I hate that money is always an issue
I hate that we had to put gas on a credit card today, because we physically have no money left in the checking account until Wednesday
I hate that I need new moisturizer and have to keep putting it off because I don't have the extra money
I hate that moisturizer is just one of many many small things that we need... small things that feel huge because our budget just doesn't have any room for them
I hate that even with Mike's good salary, we have nothing left over - and are in fact usually in the red - after bills are paid and groceries and gas are bought
I hate that we are paying SO MUCH MONEY every month on credit card payments, because of house repairs, medical bills, and poor judgement in the past. I hate that there is nothing we can do about it now but just deal with it and pay for it and try to bring down the balance.
I hate watching everyone around me be so carefree, taking so much for granted.
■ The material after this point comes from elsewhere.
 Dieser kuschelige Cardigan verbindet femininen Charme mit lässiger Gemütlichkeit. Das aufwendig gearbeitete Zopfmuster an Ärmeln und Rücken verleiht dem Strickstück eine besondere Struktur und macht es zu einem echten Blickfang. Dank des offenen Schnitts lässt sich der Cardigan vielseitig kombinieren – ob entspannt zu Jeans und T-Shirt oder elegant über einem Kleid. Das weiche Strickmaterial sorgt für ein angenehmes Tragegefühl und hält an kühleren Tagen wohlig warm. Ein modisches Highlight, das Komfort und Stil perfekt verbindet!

Talking about their iPhones and dinners out, vacations, movies, new clothes and houses and cars. Trips to Starbucks and hairdressers and spas. I hate that it bothers me.
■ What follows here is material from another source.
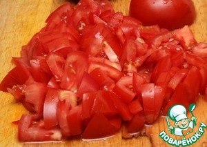 Томатное желе мы будем готовить из свежевыжатого томатного сока. Для этого нарезаем помидоры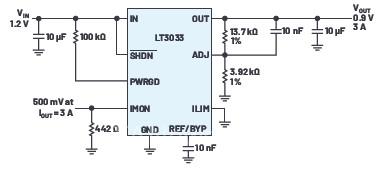LT3033的輸入電壓范圍是1.14 V至10 V, 輸出電壓可低至0.2 V,負(fù)載電流可達(dá)3 A。在滿負(fù)載時(shí)的壓差僅95 mV。工作時(shí)靜態(tài)電流為1.8 mA,關(guān)斷時(shí)降至22μA??捎捎脩?hù)設(shè)定的限流功能和熱保護(hù)使其具有高電流、低電壓應(yīng)用所必需的魯棒性。

And even as I'm hating those things.....
I know in my heart that we have so much to be thankful for!! I know we are very blessed to have Mike's job. We are blessed to have our health, and to have our home. To have the air in our lungs, and the roof over our heads, and good food on our table. I know that we have way more than we need. I know that we will get through this, and be stronger in the end, and I know that God will provide.
But the frustrations come, and all I can do is let myself feel them. It's exhausting having such conflicting emotions in my head all the time. No wonder I never sleep.